Michael Schumacher: Will Eisner: A Dreamer’s Life In Comics

Michael Schumacher: Will Eisner: A Dreamer’s Life In Comics

After interviewing comics legend Will Eisner in 1995, Michael Chabon injected one of Eisner’s long-held convictions into Joe Kavalier, a protagonist of Chabon’s novel The Amazing Adventures Of Kavalier & Clay. Eisner always believed that comic books are an overlooked, undervalued medium that can and should be used to tell stories as deep and rich as any literature. That view is widespread now, years after Art Spiegelman’s graphic novel, Maus, won the Pulitzer Prize (as did the comics-fixated Kavalier & Clay). But Eisner began his career during the Great Depression, when comics first gained a reputation as disposable, mind-rotting junk for the semiliterate. Though he was both a product and a producer of that era, Eisner went on to prove otherwise.

As its title implies, Michael Schumacher’s Will Eisner: A Dreamer’s Life In Comics seeks to illuminate Eisner’s lofty vision and heroic perseverance throughout his long, storied career in comics. The Dreamer, after all, is the name of one of Eisner’s own autobiographical works, a cartoon memoir that details his early days as a struggling artist. But when it comes to unlocking Eisner’s mind and soul, Schumacher has a big handicap: Eisner died in 2005 at age 87, before Schumacher could interview him for his biography. For the most part, Schumacher succeeds anyway: Via reminiscences from Eisner’s wife and various colleagues—including longtime publisher Denis Kitchen and former protégé Jules Feiffer (yet another Pulitzer winner)—he places Eisner’s life and work into a broader context of constant upheaval, within the industry and society at large.

Sadly, Schumacher’s book falls short in the dreamer department.

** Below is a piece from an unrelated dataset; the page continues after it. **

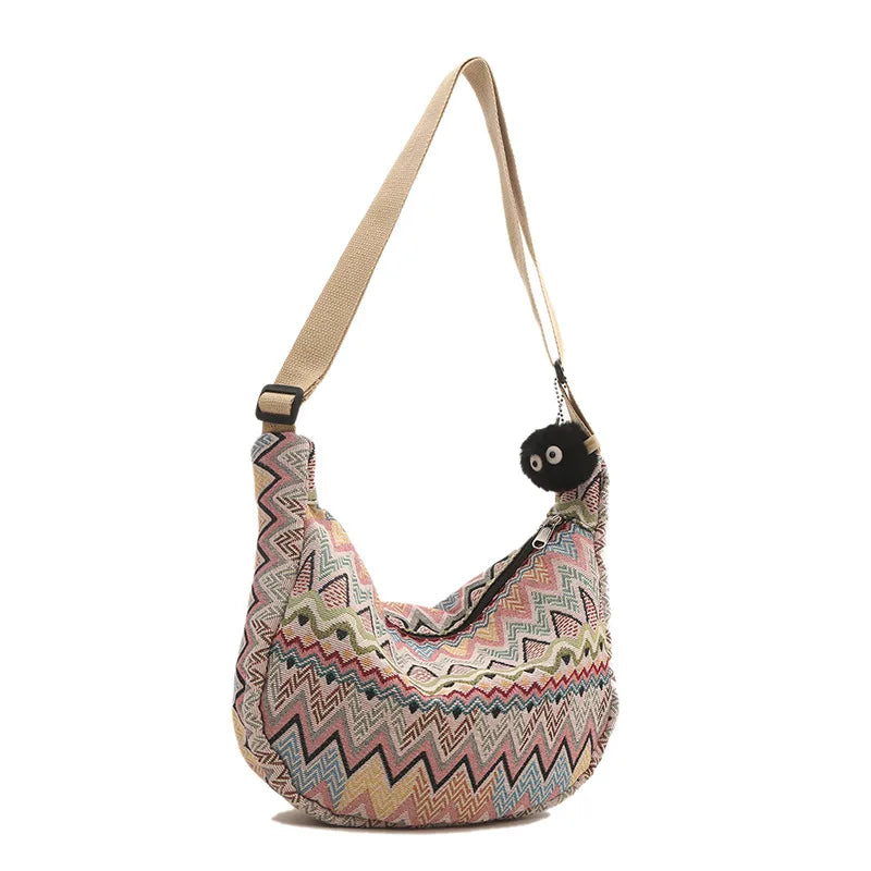 Wave Pattern Design Crossbody Bag for Women New Large Capacity Canvas Shoulder Bag, Versatile College Students Dumplings Bag
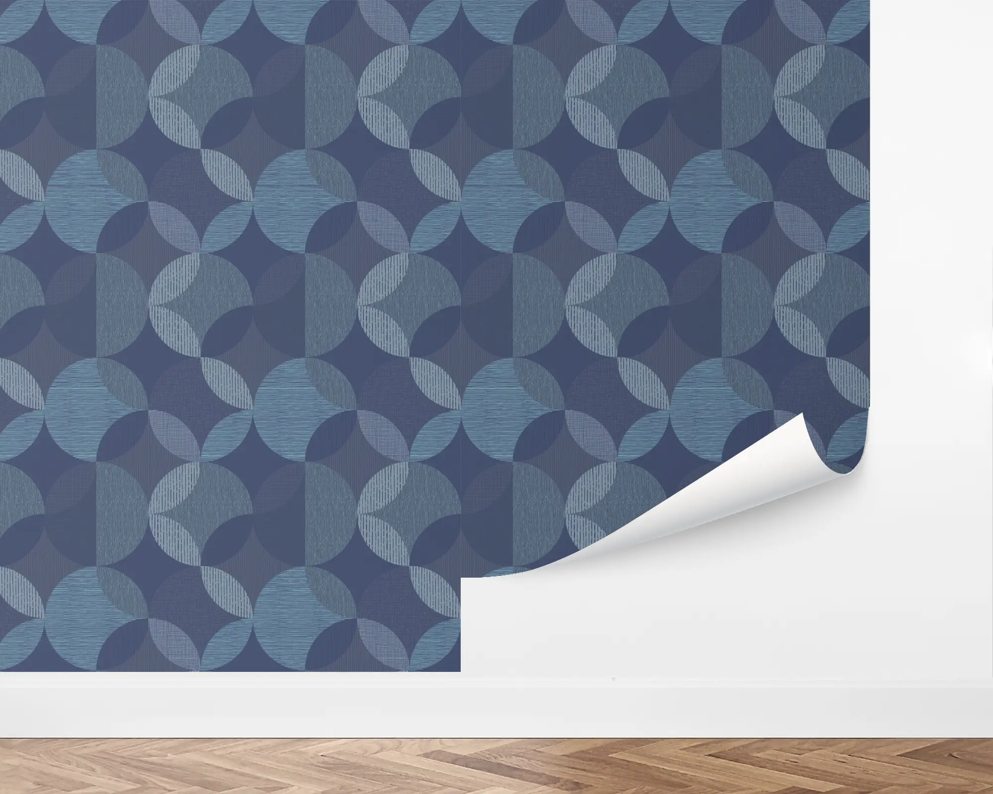 Transform your favorite room with our Geometric Zen Peel and Stick Removable Wallpaper. This exciting design features a pattern of overlapping circles in a blue monochrome. Customizable with any of our versatile paper types and colors, this wallpaper is perfect for any bedroom, office, or living space.

Although his account of Eisner’s artistic triumphs—from his innovative, World War II-era newspaper insert, The Spirit, to his game-changing, breakthrough graphic novel, 1978’s A Contract With God—is vividly told, he winds up depicting Eisner as far more of a hard-nosed pragmatist than a starry-eyed idealist. Schumacher never fully explores Eisner’s biggest paradox: How could someone who openly professed such faith in comics as an art form have turned his back on comics for 20 years in order to produce faceless instructional pamphlets, and later, even as he was making his most mature work, scores of cheap novelty books? That’s exactly the kind of conflict between dreams and reality that Eisner relished tackling in his comics, yet Schumacher mostly glosses over it—that is, when he isn’t preemptively defensive about Eisner’s buck-chasing.

To his credit, Schumacher isn’t afraid to show Eisner as a man who guarded, even sculpted, his public image. For instance, he recounts how recently unearthed court documents prove Eisner perjured himself during a 1939 plagiarism trial to which he was a material witness—a lie that cast Eisner as a pawn and a man of principle rather than a knowing participant. Still, Schumacher hand-waves this incident away, even though it undermines the monument to Eisner he’s trying to build, from the book’s title on up. Still, these flaws don’t detract from Schumacher’s consummately researched, engagingly written account of the wholly sympathetic Eisner—a sensible, down-to-earth artist who did more for the advancement of comics than almost anyone. Unlike so many he inspired, Eisner never won the Pulitzer, which Schumacher rightly laments, and A Dreamer’s Life In Comics is a big step toward the full recognition of Eisner as a cultural fountainhead of the 20th century. But for a true peek at the dreams inside Eisner’s psyche, his work itself remains the best place to look.